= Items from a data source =
┄┄┄┄┄┄┄┄┄┄┄┄┄┄┄┄┄┄┄┄

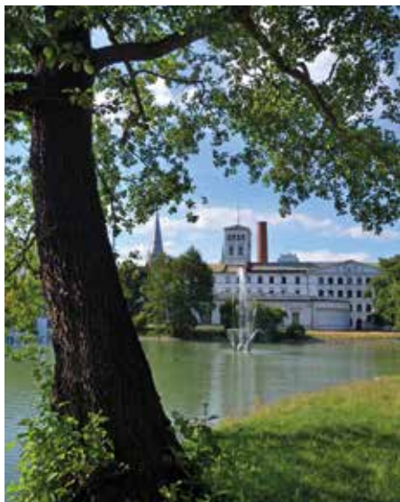
Centralne Muzeum Włókiennictwa: widok na fontannę i Białą Fabrykę.

włókiennicze. Osiadł w Łodzi i tu zaczął tworzyć swoje przemysłowe imperium przy ul. Piotrkowskiej. Obecny park był prywatnym ogrodem rodziny Geyerów, założonym ok. połowy XIX w. przez nieznanego projektanta. Teren był otoczony drewnianym, wysokim ażurowym ogrodzeniem, bielonym raz w roku. Ogród posiadał wielki staw (na rzece Jasień) z wyspą, która była punktem widokowym na zabudowania fabryczne, w części spacerowej zlokalizowano romantyczne aleje w stylu angielskim oraz kwietniki. Po II wojnie światowej fabrykę oraz należący do niej park upaństwowiono i utworzono Państwowe Zakłady Przemysłu Bawełnianego nr 3.
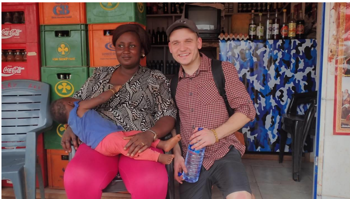
15 Isaacův děd (čtvrtý zprava) společně s rodinnými příslušníky královského původu na pohřbu
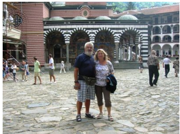
Monastero di Rila

domenica, ma soprattutto perché è davvero eccezionale. Data l'ora invece di entrare nel sacro recinto andiamo prima al ristorante prenotato adiacente al monastero (offerto dall'Agenzia: zuppa di legumi ottima, trota alla griglia con patate all'aneto ottima, gelato e birra). Poi visita al monastero. La guida bulgara illustra ampiamente la sua storia e la nostra traduce tutto in italiano. La chiesa è unica nella sua architettura tipica, così come gli edifici a suo corredo, le celle dei monaci e la sala capitolare, infine il torrione di difesa centrale in pietra che alloggia attualmente le campane. Ripartiamo alle 17 per il campeggio di Sapareva Banja. Sistemazione sul prato e cena comune all'esterno, poi tutti a letto.
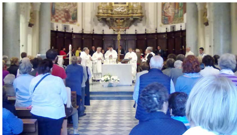
La S. Messa del 26 Aprile

Il Santuario è tuttora in pieno giubileo speciale per i 200 anni dalla posa della prima pietra (1817) che si concluderà domenica 2 settembre 2018. E' un'occasione rara e speciale di riflessione e rinnovamento spirituale offerta a tutti, con la possibilità di attraversare la porta della Misericordia e ottenere l'Indulgenza plenaria. Si fanno incontri di preghiera ogni mercoledì sera e il primo sabato di ogni mese, si accolgono numerosi pellegrinaggi. Vi si trovano pubblicazioni storico-religiose quali "Memoria e profezia" di Padre Emilio, "Ritrova la gioia della fede" e "Il senso di ogni cosa" di Don Filippo. Sono documenti che guidano alla scoperta del luogo e offrono argomenti di riflessione.

┄┄┄┄┄┄┄┄┄┄┄┄┄┄┄┄┄┄┄┄

= Activity =
Hand back the exact lines from the start of the entries to the line with "Monastero di Rila", both ends kept and pictures left out.

= Output for this exercise =
Centralne Muzeum Włókiennictwa: widok na fontannę i Białą Fabrykę.

włókiennicze. Osiadł w Łodzi i tu zaczął tworzyć swoje przemysłowe imperium przy ul. Piotrkowskiej. Obecny park był prywatnym ogrodem rodziny Geyerów, założonym ok. połowy XIX w. przez nieznanego projektanta. Teren był otoczony drewnianym, wysokim ażurowym ogrodzeniem, bielonym raz w roku. Ogród posiadał wielki staw (na rzece Jasień) z wyspą, która była punktem widokowym na zabudowania fabryczne, w części spacerowej zlokalizowano romantyczne aleje w stylu angielskim oraz kwietniki. Po II wojnie światowej fabrykę oraz należący do niej park upaństwowiono i utworzono Państwowe Zakłady Przemysłu Bawełnianego nr 3.
15 Isaacův děd (čtvrtý zprava) společně s rodinnými příslušníky královského původu na pohřbu
Monastero di Rila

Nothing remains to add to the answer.